The first challenge in deploying this novel functionality was to identify the set of terms requiring machine-readable definitions. This research leveraged two primary sources of terms: Petilla [4] and the article excerpts cited as evidence in Hippocampome.org [11]. The Neuron Registry [7] constituted a third minor source of terms. The Petilla terminology consists of a finite list of (~232) published terms. Hippocampome.org, in contrast, contributes a less neatly bounded set of terms exceeding 10 K discrete tokens (as estimated by the wordle.net utility, Fig. 5). To parse these tokens into a manageable set, we filtered the Hippocampome.org terms at each extreme of the occurrence count spectrum. This preprocessing step eliminated words with very large (>1000) occurrence counts, including uninformative strings such as “a,” “the,” and “of,” as well as words with very small (<100) occurrence counts, representing rare and typically uninteresting terms like “outside-out” and “sheetlike.” Lastly we hand-curated the remaining set of approximately 700 terms to remove non-scientifically relevant words yielding a final corpus of 490 evidence-derived terms. An additional 782 terms corresponded to neuron names, anatomical regions, biomarkers, and electrophysiological parameters stored in Hippocampome.org. In all, due to minor overlaps among the above lists, this collation accounted for 1478 distinct terms.
Fig. 5
Fig. 5

Word cloud of representative Hippocampome.org terms

To find machine-readable definitions we devised a preferred portal/repository approach. For general neurobiological terms, we first searched Neurolex.org, MeSH browser (nlm.nih.gov/mesh), the Bioportal services from the National Center for Biomedical Ontology [42], and the US Public Health Service CRISP database [43]. The terms from Hippocampome.org evidence primarily refer to the rodent hippocampus, thus it is essential that the extracted definition be relevant to these target domains. Since the same word can have different meanings, most definitions retrieved by the initial automated search were largely out of context, requiring a slow step of manual curation. We preferentially assigned evidence terms from Hippocampome.org definitions and links most relevant to the rodent hippocampal formation. Similarly, we linked the Petilla terms to definitions in the context of GABAergic interneurons of the cerebral cortex.

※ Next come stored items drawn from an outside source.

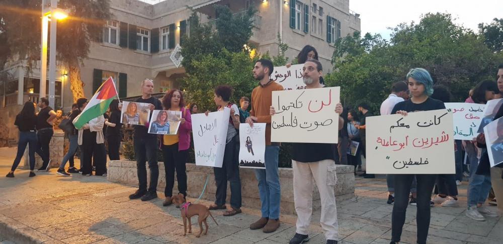 وهتف المحتجون، بشعارات مختلفة مثل: "ما منهاب ما منهاب اسرائيل دولة ارهاب"، و"الارهابي مين مين؟ اللي قتلوا شيرين"، و"القدس عاصمة فلسطين" وهتافات اخرى.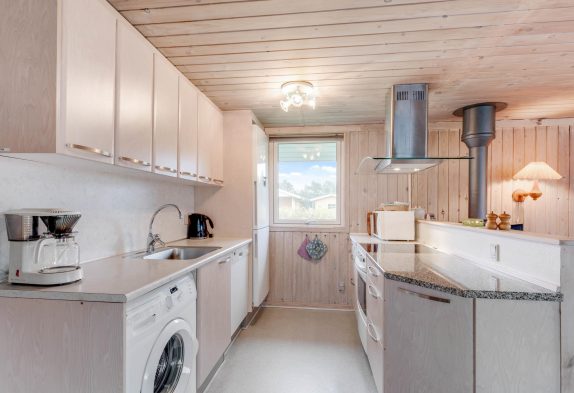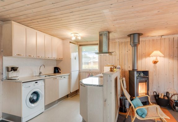 Im Tageslichtbad gibt es eine Duschkabine und Fußbodenheizung, außerdem befindet sich eine Waschmaschine im Ferienhaus, so dass ihr eure Wäsche bei Bedarf auffrischen könnt. In der Küche gibt es u.a. einen Geschirrspüler, einen 90-Liter-Gefriermöglichkeit und eine Mikrowelle. Der Wohnbereich ist richtig gemütlich, und es gibt einen Kaminofen, der sowohl für Gemütlichkeit sorgt als auch eine angenehme Wärme bietet.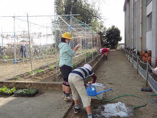 ぼくたちは、冬野菜を育てています。育てたい野菜の苗を買いに行って、毎日水やりをがんばっています。キャベツ、チンゲンサイ、ブロッコリー。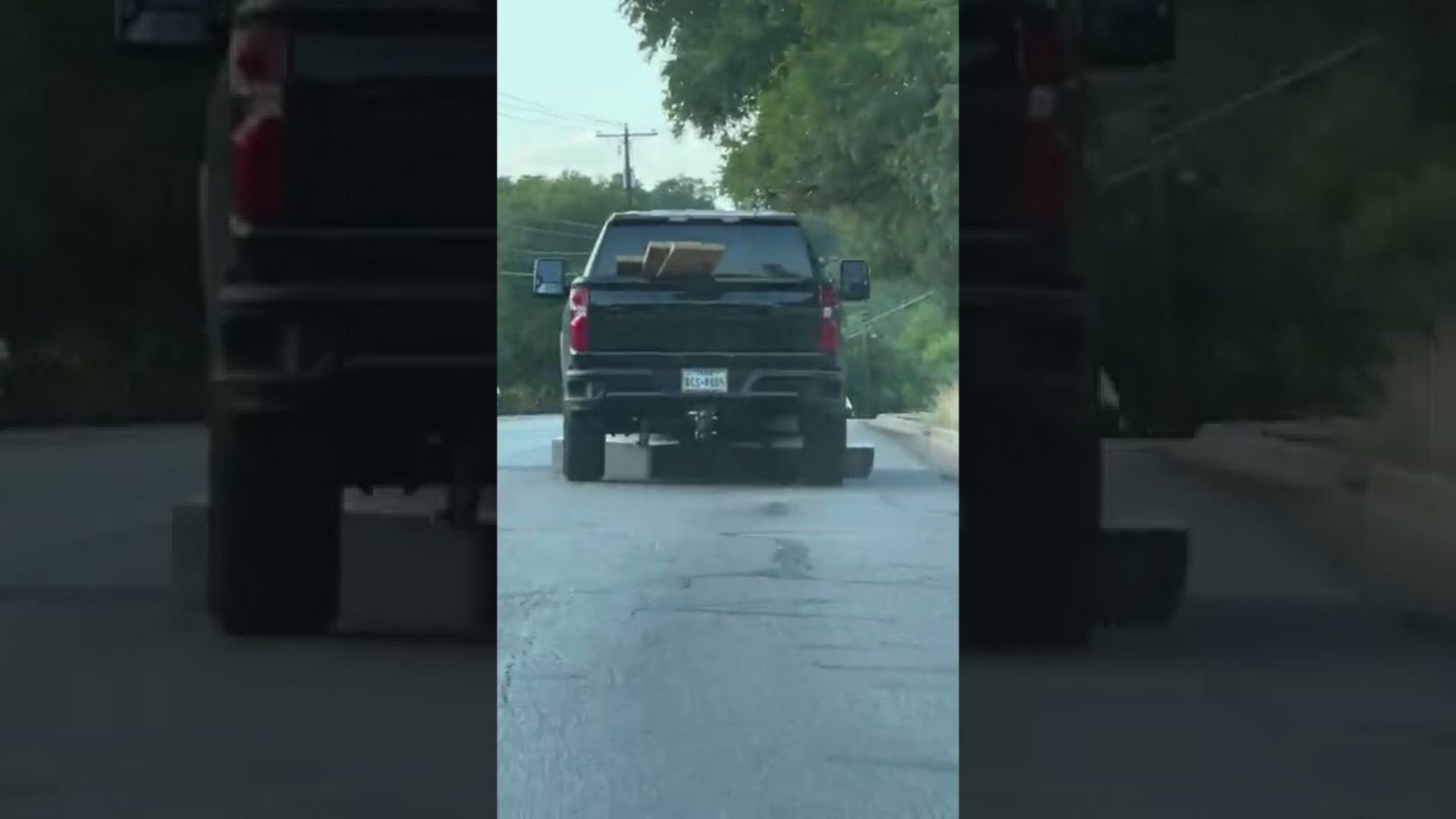 Ο οδηγός ενός Chevrolet Silverado HD έσυρε ένα στρώμα κάτω από το όχημά του, προκαλώντας την έκπληξη στους γύρω του, μην έχοντας ιδέα για το τι συμβαίνει κάτω από το αυτοκίνητό του.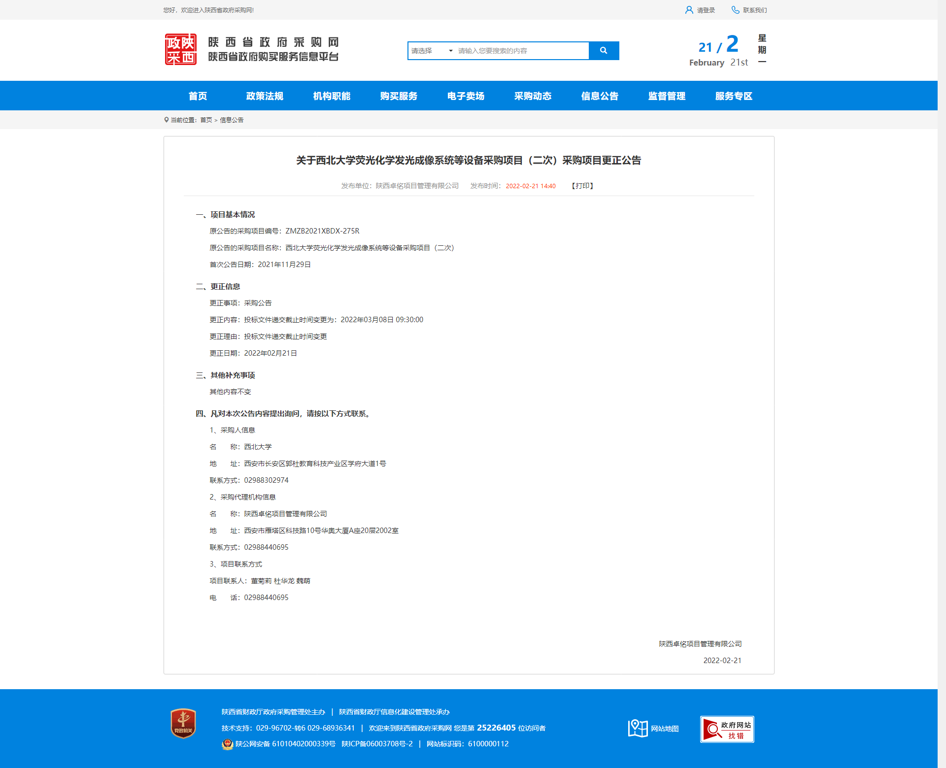 关于MILAN.COM荧光化学发光成像系统等设备采购项目(二次)采购项目更正公告 作者: 编辑:薛利娟 时间:2022-02-21 原公告链接:http://www.ccgp-shaanxi.gov.cn/notice/noticeDetail.do?noticeguid=8a85be317ee7907d017f1aa113f346e8

For protein definitions, we harnessed the Ontology Look-up Service [44] of the Gene Ontology Consortium [45] as the sole reference given the depth and breadth of coverage for this type of molecular data. Because the molecular terms are generally regular and systematically databased, we successfully automated API-based pulling from established sources (e.g., the National Center for Biotechnology Information). For term not found in these primary resources, we reverted to Google searches, prioritizing definitions from scholarly or institutional sources such as the Allen Brain Atlas [46], Scholarpedia.org, and the US National Institute of Standards and Technology (nist.gov). For residual blanks, we resorted to dictionaries like Merriam-Webster or Wikipedia.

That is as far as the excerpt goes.